Tanto Bebeto quanto Romário confirmam a rivalidade, mas negam que tenham brigado fora de campo.
- Tínhamos uma rivalidade no âmbito profissional, no futebol. Foi a partir daquela Copa América que a gente começou a jogar mais junto. Começamos a nos conhecer melhor e o entrosamento partiu dali – revela o Baixinho.
Bebeto também admite a rivalidade e revela que foi Romário quem levantou a bandeira branca.
- Criaram isso, mas nunca briguei com o Romário. Nunca discutimos. Claro que a gente jogava contra. Os dois querendo ser o melhor. A rivalidade era natural. Nunca tivemos uma discussão. Durante a Copa América, ele me abraçou, brincou comigo e disse: “Temos que acabar com isso” - conta Bebeto.
A vitória por 2 a 0 não traduziu a superioridade brasileira. Bebeto iniciou o caminho para vitória, com aquele que ele considera o gol mais bonito de sua carreira. No início do segundo tempo, Silas cruzou da direita, Romário ajeitou, e o camisa 7 acertou um lindo voleio.
- Acho que foi o gol mais bonito da minha carreira. Aquele gol de voleio virou minha marca registrada. Fiz história naquele dia. Após o jogo troquei camisas com o Maradona, e ele me disse que nunca tinha visto um gol tão bonito – recorda orgulhosamente Bebeto.
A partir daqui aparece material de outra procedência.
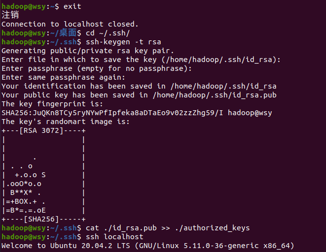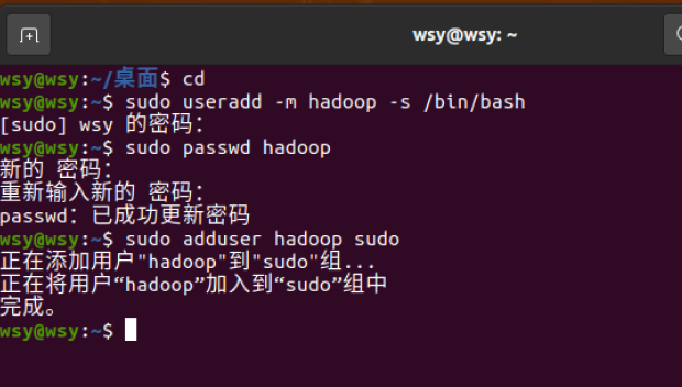 sudo paswd hadoop 将密码设置为hadoop
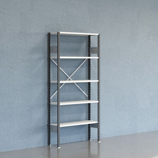 Startsektion Boltless lagerhylla, X-rygg 2500x1000x300mm 150 kg/hylla
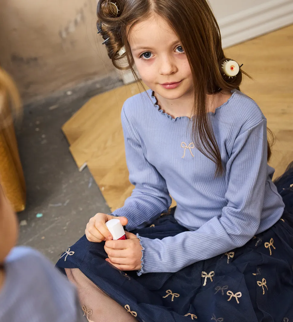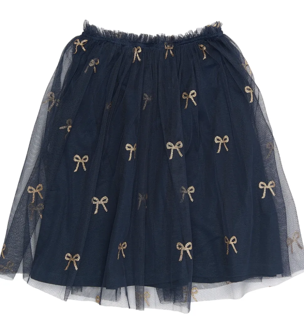 Elegant The New tylnederdel i mørkeblå med små, gyldne sløjfer. The New tylnederdelen har en let tyl-struktur med et elastisk bånd i taljen. Tylnederdelen præsenterer et gennemsigtigt ydre lag, der tilfører et ekstra strejf af finesse.
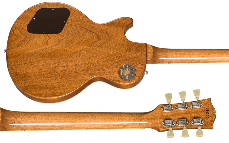 Una réplica de la primera tanda de guitarras que formaron parte de aquella reedición, y que se caracterizaban por el inlay con forma de corona en la pala en lugar de la leyenda "Les Paul" de la original del 52.
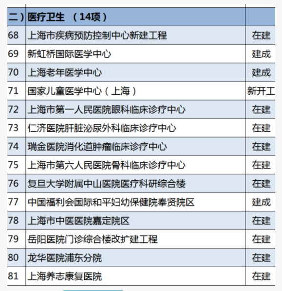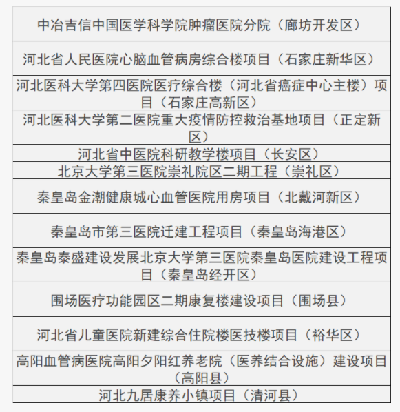 其中,新開工項目中含醫(yī)療衛(wèi)生項目12項:
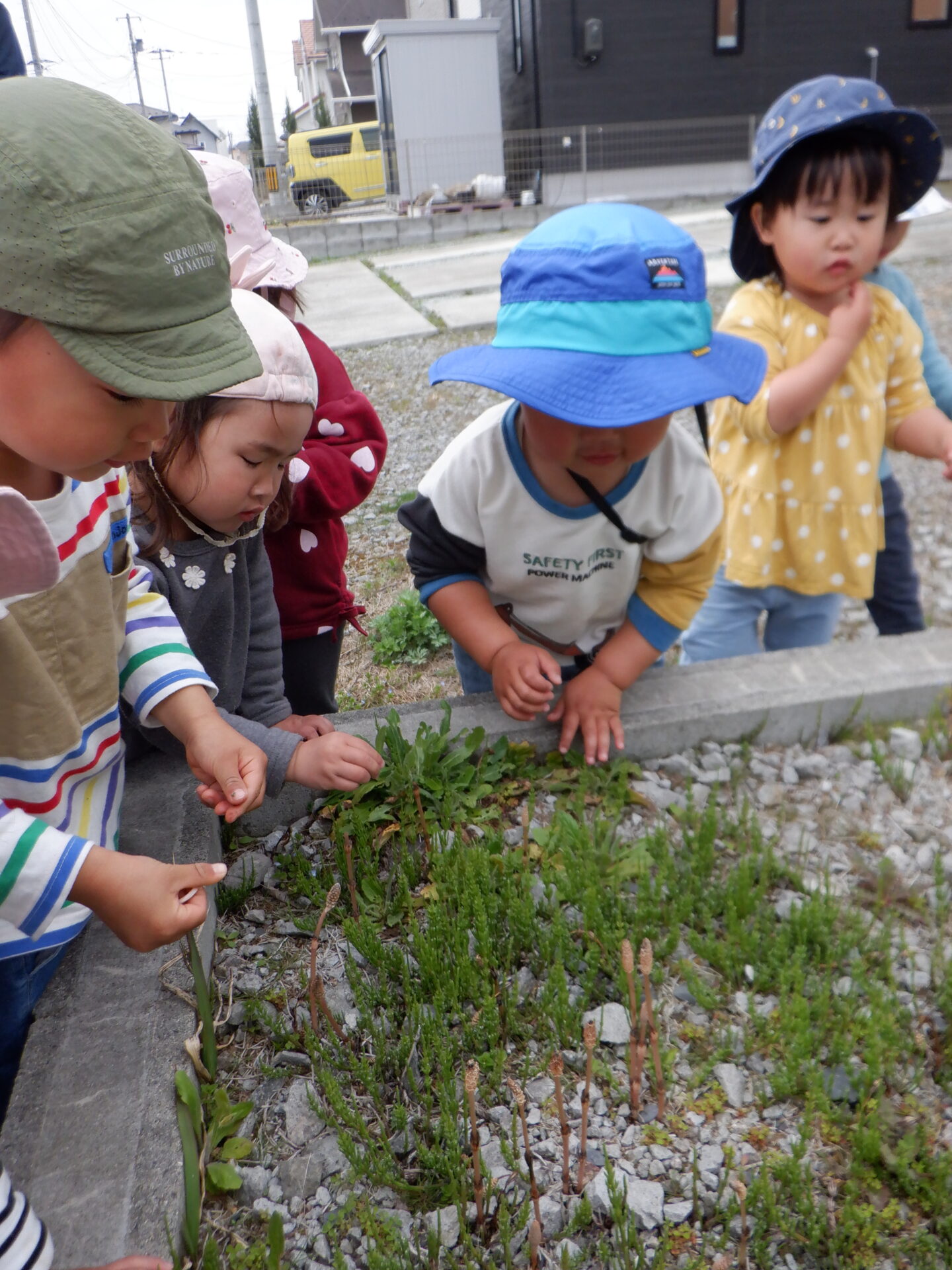 寄り道をしてつくしを見つけたり、お花を摘んだり、沢山の発見をしました。
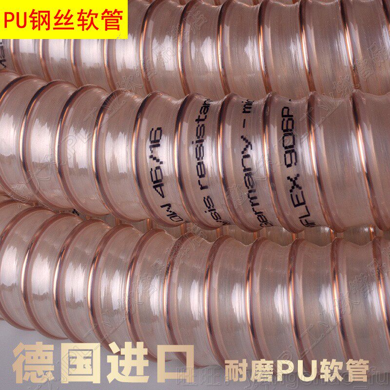 New German translucent PU polyether polyurethane spiral copper-plated steel wire reinforced smooth wear-resistant industrial hose

Romário também deu seu show à parte. Foi dele o segundo gol, aproveitando bobeira da defesa e driblando o goleiro Pumpido. O Baixinho ainda protagonizou lances brilhantes contra a Argentina. Em um deles, aplicou dois chapéus na entrada da área, mas não conseguiu a finalização. Maradona também foi vítima e tomou uma caneta do camisa 11, que quase levou o Maracanã abaixo, tamanha a vibração da torcida carioca.
Para não dizer que Maradona só teve momentos ruins na Copa América de 1989, o argentino foi protagonista de um dos lances mais geniais do torneio. Contra o Uruguai, no Maracanã, ele arriscou um lindo chute do meio de campo. A bola encobriu o goleiro uruguaio e carimbou, caprichosamente, o travessão.
Brasil encerra jejum de 40 anos
Em 16 de julho de 1989, Brasil e Uruguai decidiram a Copa América no Maracanã. 132.743 torcedores acompanharam a decisão e viram o Brasil encerrar o jejum de 40 anos sem títulos da Copa América. Desta vez, coube a Romário decidir o jogo. Aos quatro minutos da etapa final, ele aproveitou cruzamento de Mazinho, se antecipou ao goleiro Zeoli e, de cabeça, fez o gol do título. Foi o terceiro gol do Baixinho no torneio. Bebeto foi o artilheiro, com seis bolas nas redes.
- Foi o único torneio que joguei com o apoio da torcida brasileira. Fui eleito o melhor jogador e artilheiro. Não tive a oportunidade que os jogadores de hoje terão, de jogar uma Copa do Mundo no meu país. Mas posso dizer que joguei a Copa América. E é impressionante a motivação. É um negocio muito forte – disse Bebeto.